Our mini forum in part asks: can ‘militarism’ question or contest the ways in which war is always already in our peace? Can it orient us towards a spatiality and temporality that recognizes warfare and colonial violence as part of the architecture of everyday life, and not something against which ‘society must be defended’ (cf Foucault 1997)? Our conversation is concerned with war’s presence – its changing form and feel in civilian and military life. One thread is oriented towards the life of war in peace, be it through material culture, landscape, scientific knowledge, scopic regimes, technological forms, and governmentalities. The military genealogies of particular forms of vision and visual representation, calculative technologies, medical and professional techniques, and aesthetic forms, alternately intrigue us. If, in one of the most incisive critiques of militarism, Enloe (2000) asks ‘how do they militarize a can of soup?’ and questions how the pasta within assumes the shape of ‘star wars satellites’, then we are also interested in the central fact of the can. Like most other techniques of food preservation, canning was invented to support the battlefield; Napoleon commissioned its design to help feed his front. Thus, the can of soup was always already ‘militarized’, and bypassing the can for the noodles hides perhaps more than it reveals.

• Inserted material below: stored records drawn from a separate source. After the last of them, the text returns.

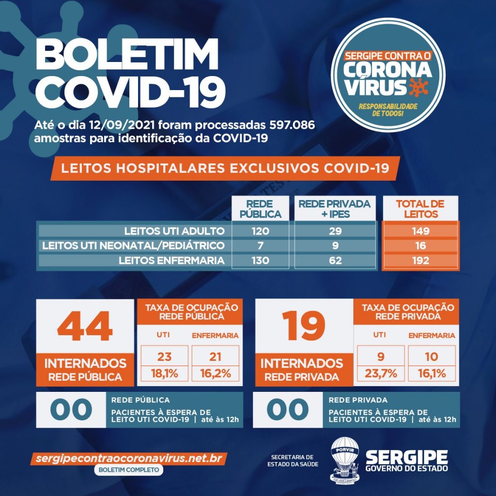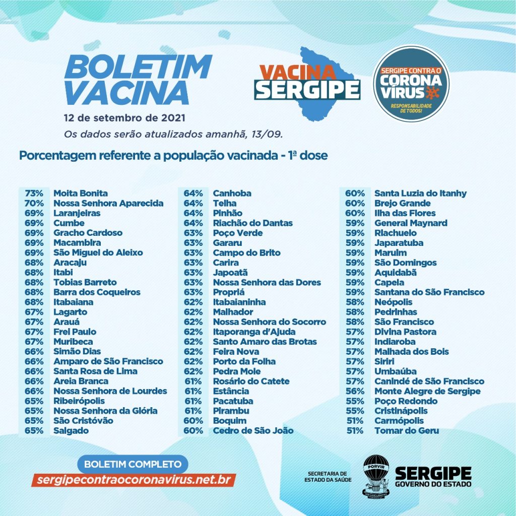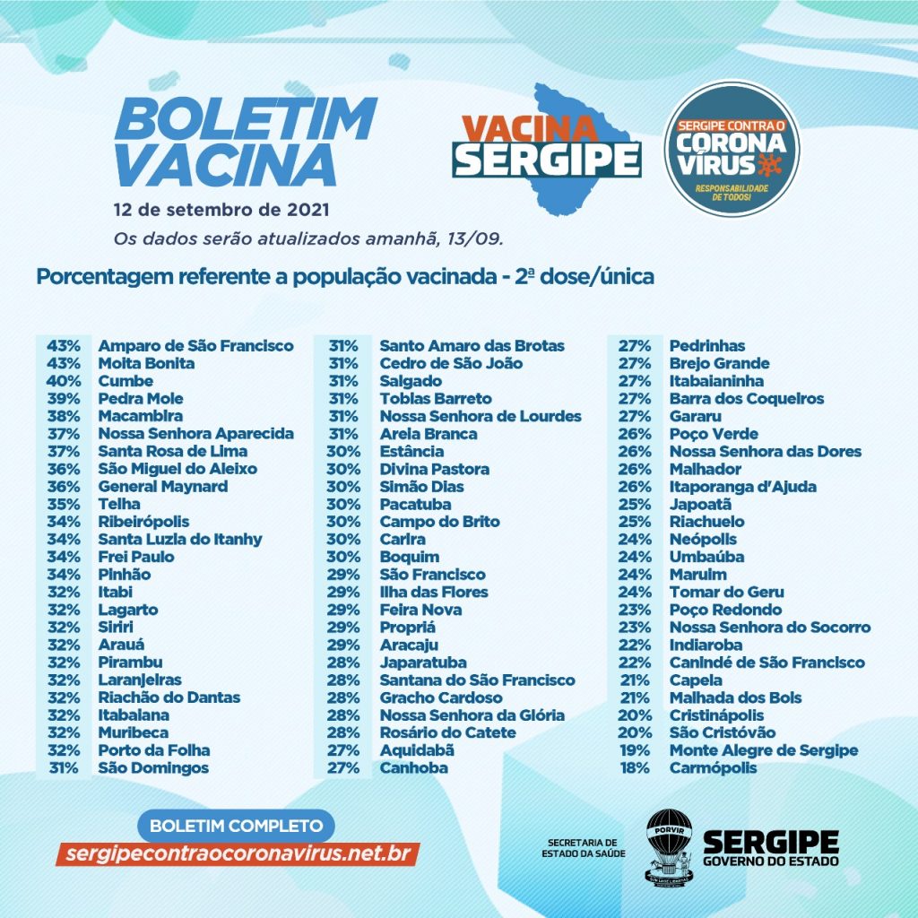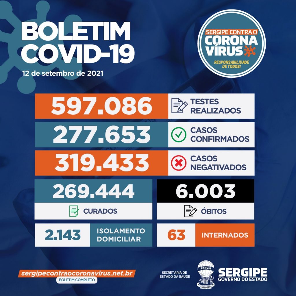 Secretaria de Estado da Saúde (SES), divulga novo boletim epidemiológico no último domingo, 12, nele o estado continua sem registros de óbitos pela Covid-19 nas últimas horas. Sendo assim, Sergipe permanece com o total de 6.003 mortes relacionadas à pandemia.
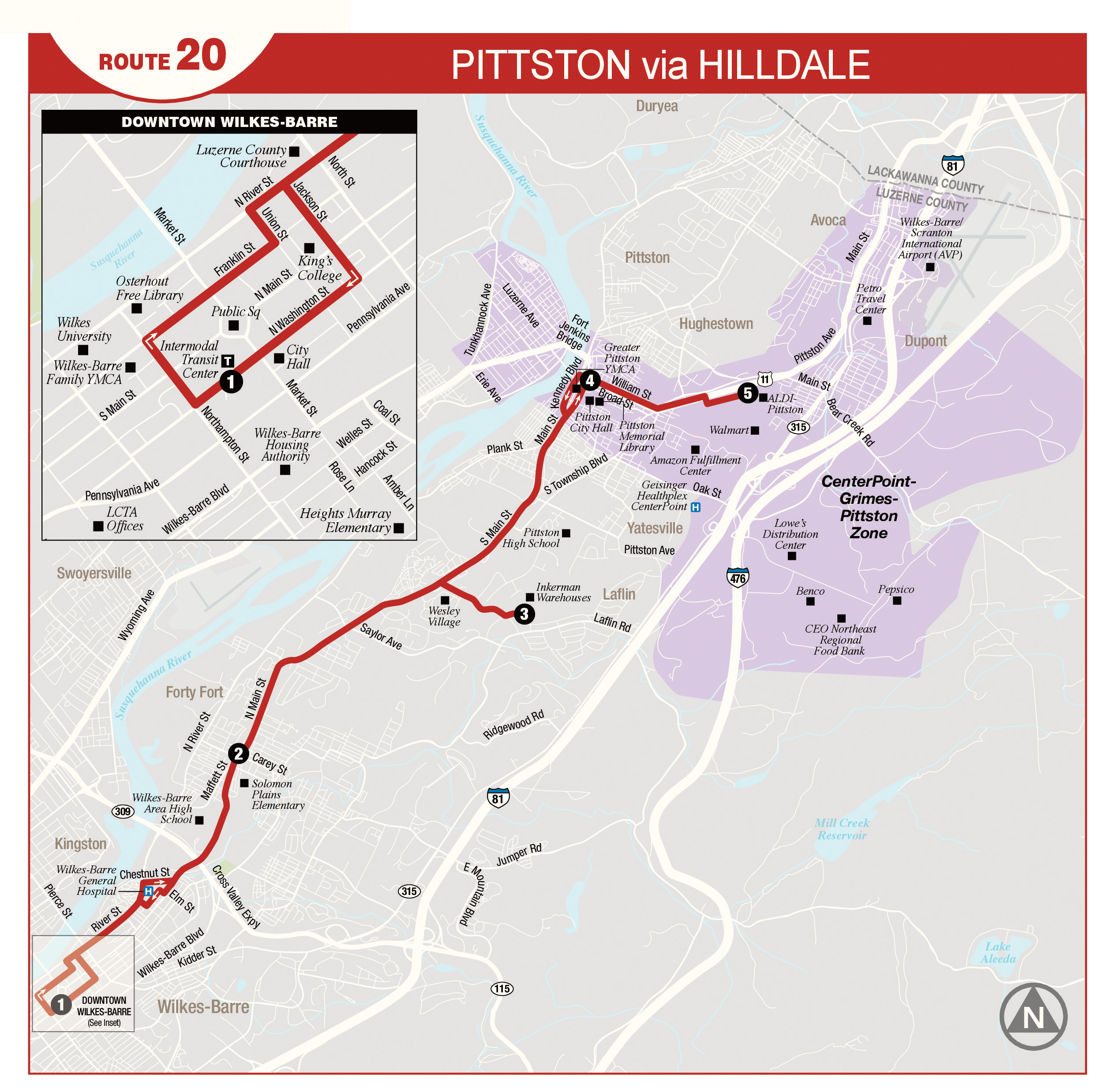 Intermodal Transit Center Carey St. & N. Main St. Main St. & Broad St. N. Main St. & William St. Inkerman Warehouses Aldi (Pittston)
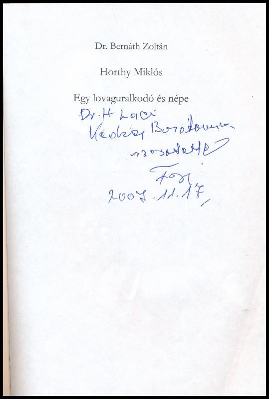 Dr. Bernáth Zoltán: Horthy Miklós. Egy lovaguralkodó és népe. Gyöngyös... https://www.darabanth.com/en/442-Online-auction/442.0/Books/Books-History~1000010/Dr-Bernath-Zoltan-Horthy-Miklos-Egy-lovaguralkodo-es-nepe-Gyongyos-2007-Pallas-AntikvC3~II2911229
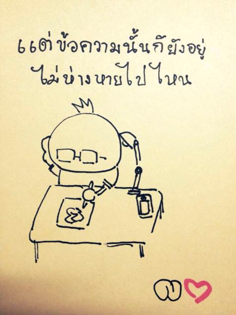 เขามองหน้าผม แล้วยิ้ม มันเป็นยิ้มที่ทั้งสุขเบาๆ และเหงาลึกๆ "เราไม่ได้ต้องการให้เขาตอบ หรืออ่านข้อความอะไรของเราทั้งนั้น เราแค่ส่งไป เพื่อให้รู้ว่าเรายังอยู่ตรงนี้...ยังอยู่ที่เดิม...ที่ที่วันไหนเธอหันกลับมาเธอก็จะเจอเราเสมอ"
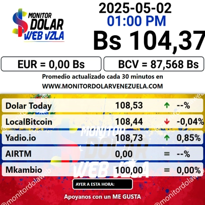 Mientras, el precio del dólar hoy en Venezuela refleja que el cambio en Cúcuta, Colombia, en la frontera con Venezuela, fue de 98,03 bolívares. De igual modo, el dólar Bitcoin está en Bs. 108,44.
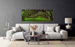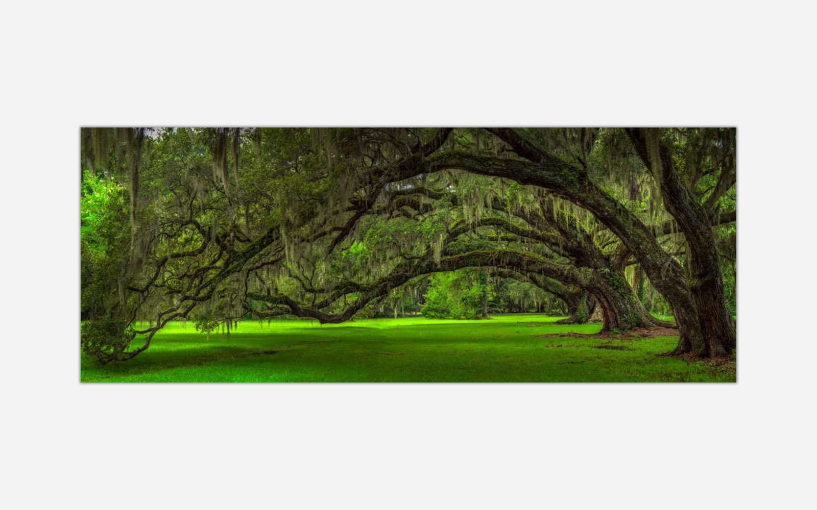 A panoramic photograph of majestic southern live oaks draped with Spanish moss in a lush green setting.
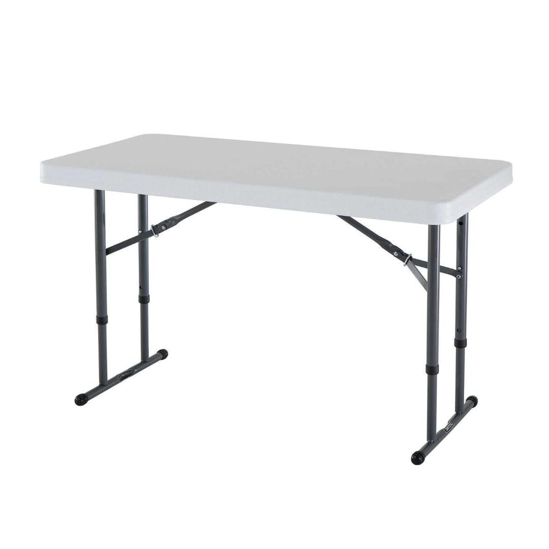 - Adjustable Height 4-Foot Commercial Folding Table with White HDPE Top
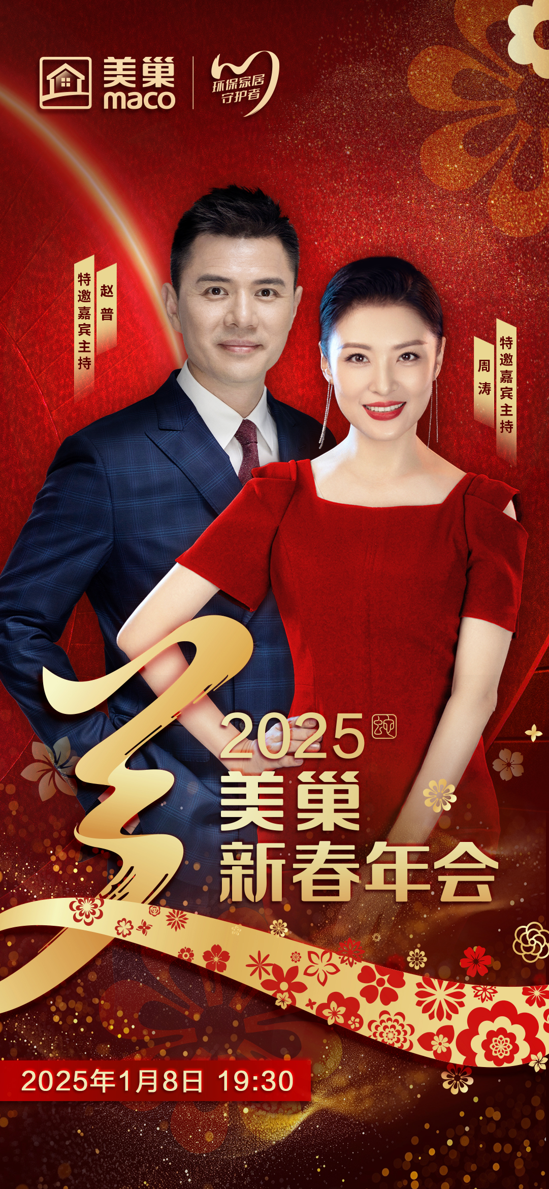 龍年已展千重錦,蛇歲再登百步樓,美巢希望通過一期一會的新春年會讓美巢的合作伙伴們、美巢的同事們及家人們共享美好,感受團聚的喜悅、企業(yè)的承諾與品牌的力量。1月8日19:30,讓我們共同期待美巢攜手周濤、趙普為您奉上的“2025年美巢新春年會”。
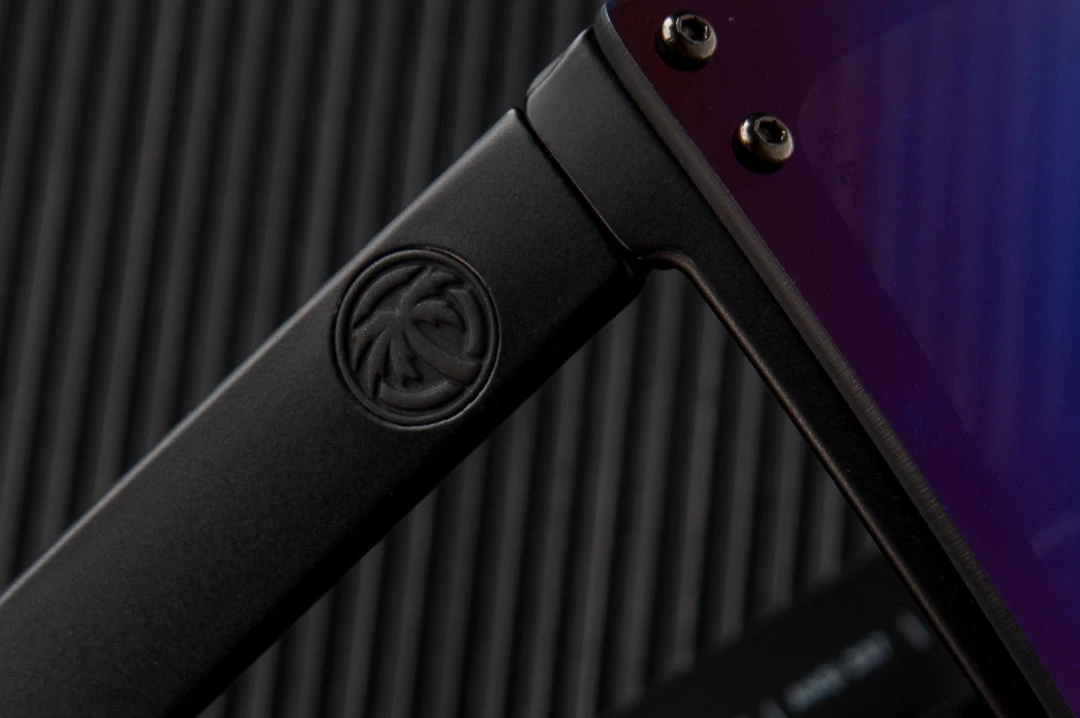 Our classic semi-gloss black arms with metal emblem inlays.
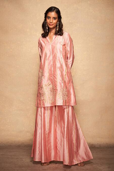 Pink short kurta in a pure chanderi silk base, with gota patti trims and placement rose embellished motif at the hem.
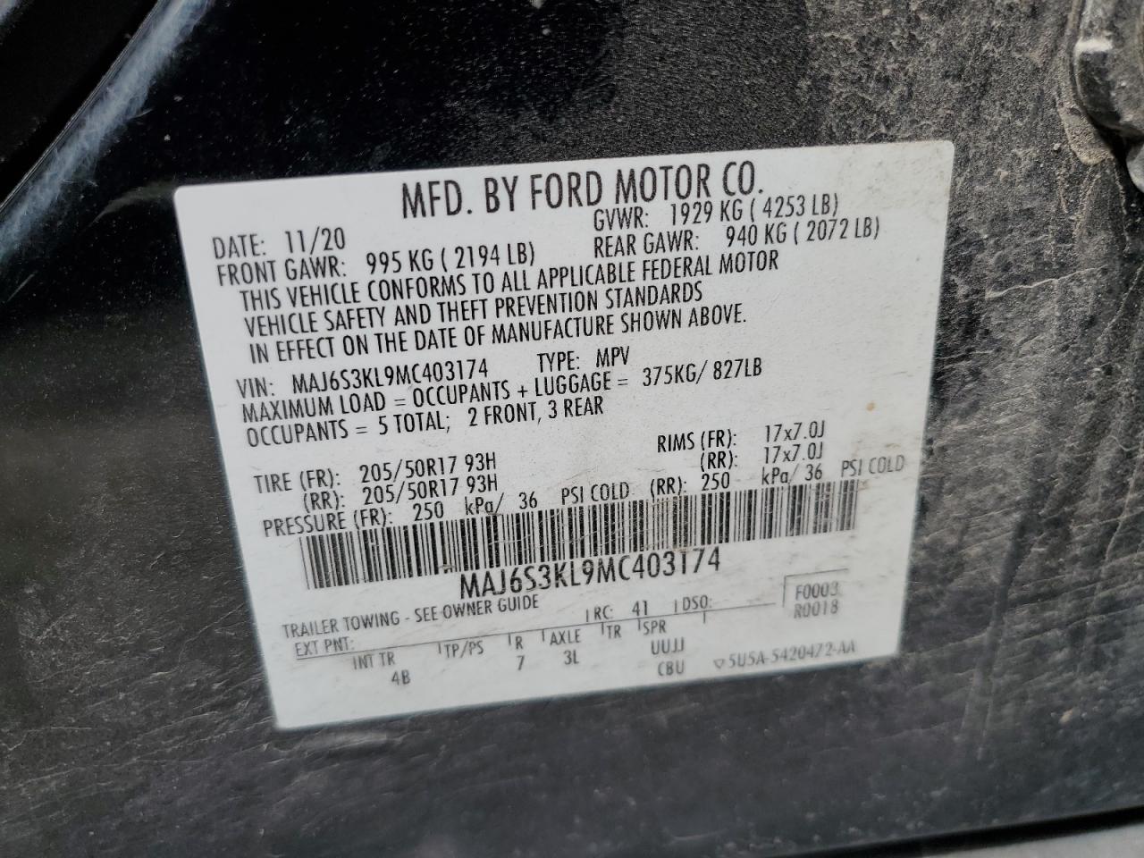 FORD ECOSPORT 2.0 2021 р.в., 4x4 з переднім приводом (MAJ6S3KL9MC403174) з США
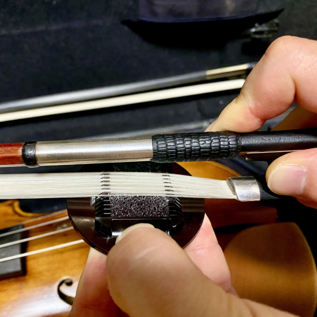 1. Fixa completamente as partículas de resina entre os fios do cabelo do arco após a primeira aplicação em um novo cabelo
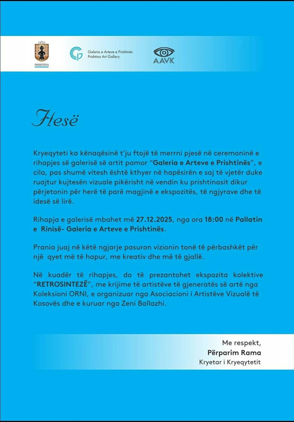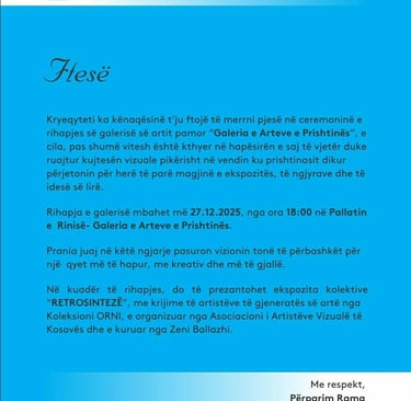 Njoftim dhe ftesë Me datë 27.12.2025 në ora 18:00 në Pallatin e Rinisë në Prishtinë, Kryeqyteti e rihapë “Galerinë e Arteve të Prishtinës”. Në kuadër të rihapjes, prezantohet ekspozita kolektive "RETROSINTEZË" me artist të gjeneratës së artë nga Koleksionin "ORNI", e organizuar nga Aosciacioni i Artistëve Vizual të Kosovës dhe e kuruar nga Zeni Ballazhi. Prandaj ju ftojmë të bëheni pjesë e kësaj ngjarje jashtëzakonisht të rëndësishme për artin dhe kulturën e vendit tonë. AAVK
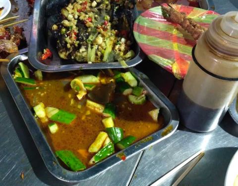 - 味道挺不错的,特别是加了孜然很香,鸡爪和小龙虾,羊肉串之类都很好吃,素菜也烤得不错
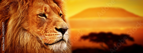 Wall mural lion portrait on savanna. mount kilimanjaro at sunset. safari - Wall murals Wall mural lion portrait on savanna. mount kilimanjaro at sunset. safari - Wall murals
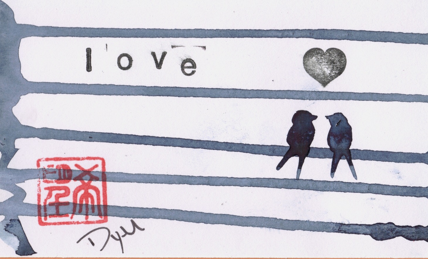 Art Prescription: Okay, so I might wake up to a sea of white, but right now…I don’t see any snow!!! Since early morning the forecast for a winter storm has been all over television, radio, and Facebook. I did go to the grocery store for stamps, and they were out! Schools cancelled today. Many businesses closed early. Curious. Warm in my studio where I painted love birds.

And yet, our mini-forum also questions the limits of this exposure. The incitement to ‘reveal’ militarism – to trace it through everyday life – may stem from a desire to disrupt the colonial and nationalist imaginaries that sustain geo and biopolitical violence. But does it contribute to cultivating alternative knowledge, vision and practice? In different ways, the contributors ask, what are the limits of ‘revealing’? Does this desire to expose reconstitute an exhausted and exhausting humanist political intervention? Does it move us beyond binaries, or recharge them? And in an era when it is increasingly difficult to discern police and military authority, when armed forces are centrally involved in ‘humanitarian’ operations, and when warfare is powerfully privatized- is the focus on things ‘military’ itself a relic of modernity?

These questions and others animate the brief reflections that follow. Authors were given a maximum of 700 words and a very short time to draft their contributions. We share them here with the hopes of provoking further conversation.

These pieces signify part of the vibrant discussion across 2011-2012 in the “Cultures of Militarization” Working Group funded by the University of California Humanities Research Institute (UCHRI). Other members of the Working Group that were not able to participate in this mini forum but whose conversation and scholarship has been inspiring include Paul Amar (UC Santa Barbara), Colin Milburn (UC Davis), and Minoo Moallem (UC Berkeley).

References

Enloe, C. (2000) Maneuvers: The International Politics of Militarizing Women’s Lives. Berkeley: University of California Press.
Foucault, M. (1997) Society Must be Defended, Lectures at the College de France, 1975-6. New York: Picador.